PROVIDED RECORDS

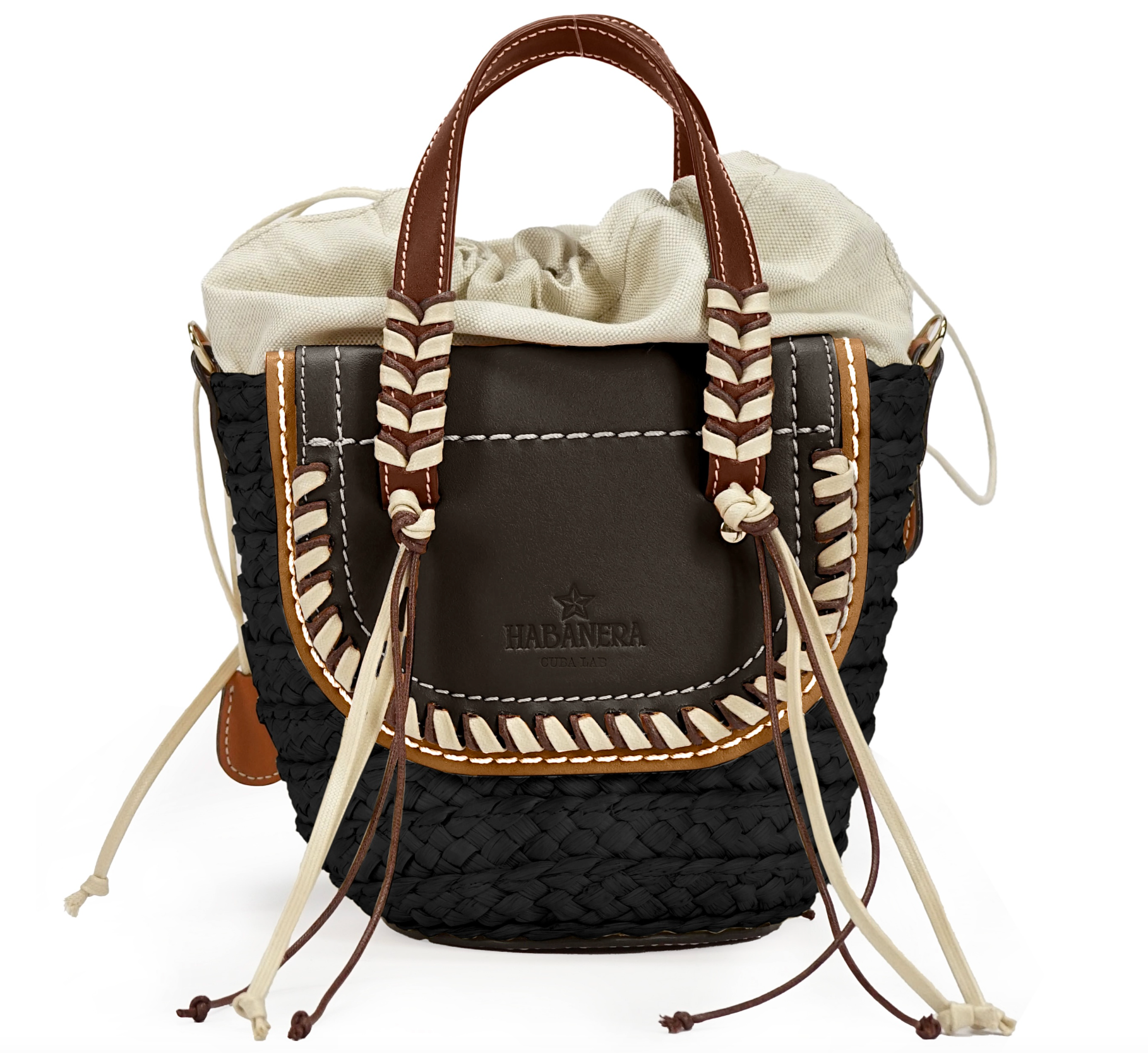 The Habanera bag has two leather handles and the possibility of being brought too crossbody. In this style the two kenia leather flaps and ebony handles are decorated with all around thick stitched edge and with a cord double threading in dark brown and ecru color, entirely handmade. The lining is made with a beige linen up-cycled fabric.
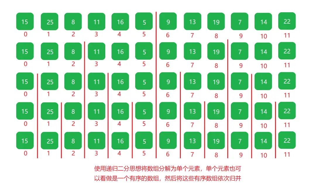 可以使用递归二分的思想把一个无序的数组分解为多个单元素的数组(单元素数组也可以看做有序数组)
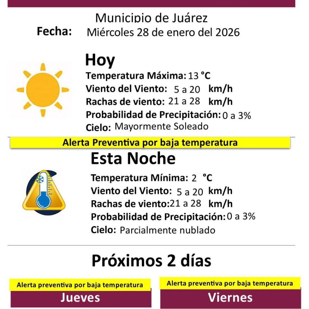 Miércoles 28 de Enero del 2026.- La Dirección General de Protección Civil del Municipio emitió una alerta preventiva por bajas temperaturas para este martes 27 de enero, ante las condiciones climáticas que se registrarán en la ciudad. Para este día se pronostica una temperatura máxima de 11 grados centígrados, con vientos de entre 5 y 20 kilómetros por hora, así…
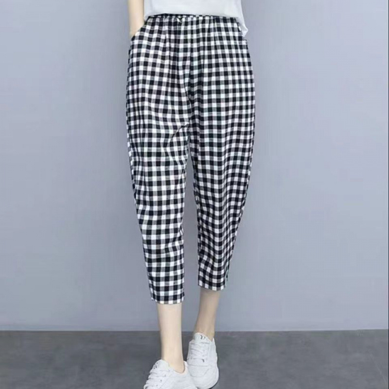 여성용 면 체크 무늬 바지 2025 여름 새로운 한국 스타일 슬림핏 하렘 탄성 레깅스 여성용 크롭 팬츠스토어 가기
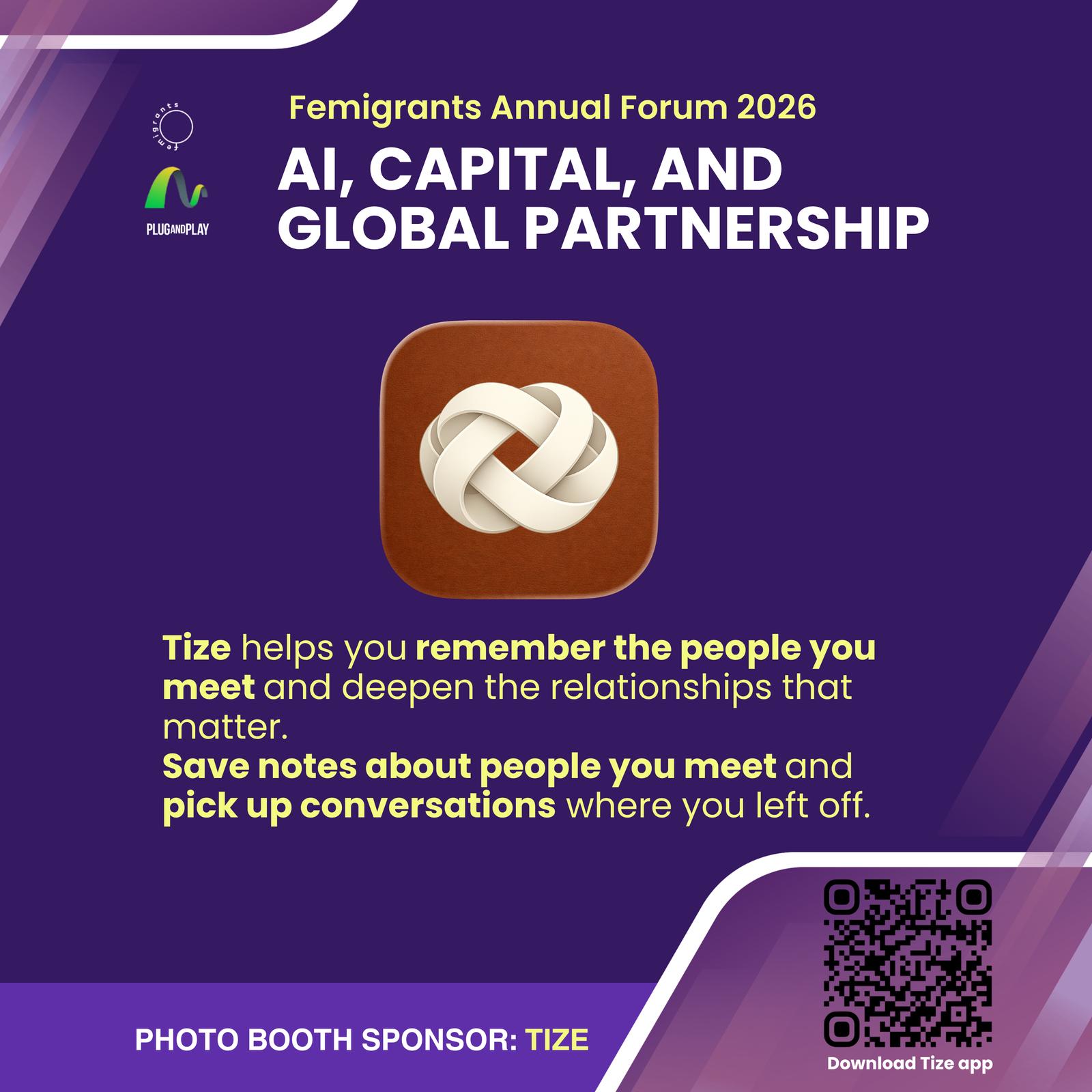 This event photobooth is sponsored by Tize, a startup founded by immigrants with a mission to make it easier to be thoughtful. Tize helps you quickly save notes about people you meet, so you can turn weak ties into strong ones and pick up conversations where you left off. Tize is an iOS app that's private by design, so your notes stay securely with you, and only you. No more forgetting and no more losing notes in scattered docs or emails. Be sure to visit the Tize table today, download the app from the iOS App Store, and use it to quickly jot down meaningful notes about the people you meet at this conference.

AIM OF THE EXERCISE
From the line containing "여성용 면 체크 무늬" down to the last line of the data above, transcribe exactly those lines and no others; omit the pictures.

WRITTEN RESPONSE
 여성용 면 체크 무늬 바지 2025 여름 새로운 한국 스타일 슬림핏 하렘 탄성 레깅스 여성용 크롭 팬츠스토어 가기
 This event photobooth is sponsored by Tize, a startup founded by immigrants with a mission to make it easier to be thoughtful. Tize helps you quickly save notes about people you meet, so you can turn weak ties into strong ones and pick up conversations where you left off. Tize is an iOS app that's private by design, so your notes stay securely with you, and only you. No more forgetting and no more losing notes in scattered docs or emails. Be sure to visit the Tize table today, download the app from the iOS App Store, and use it to quickly jot down meaningful notes about the people you meet at this conference.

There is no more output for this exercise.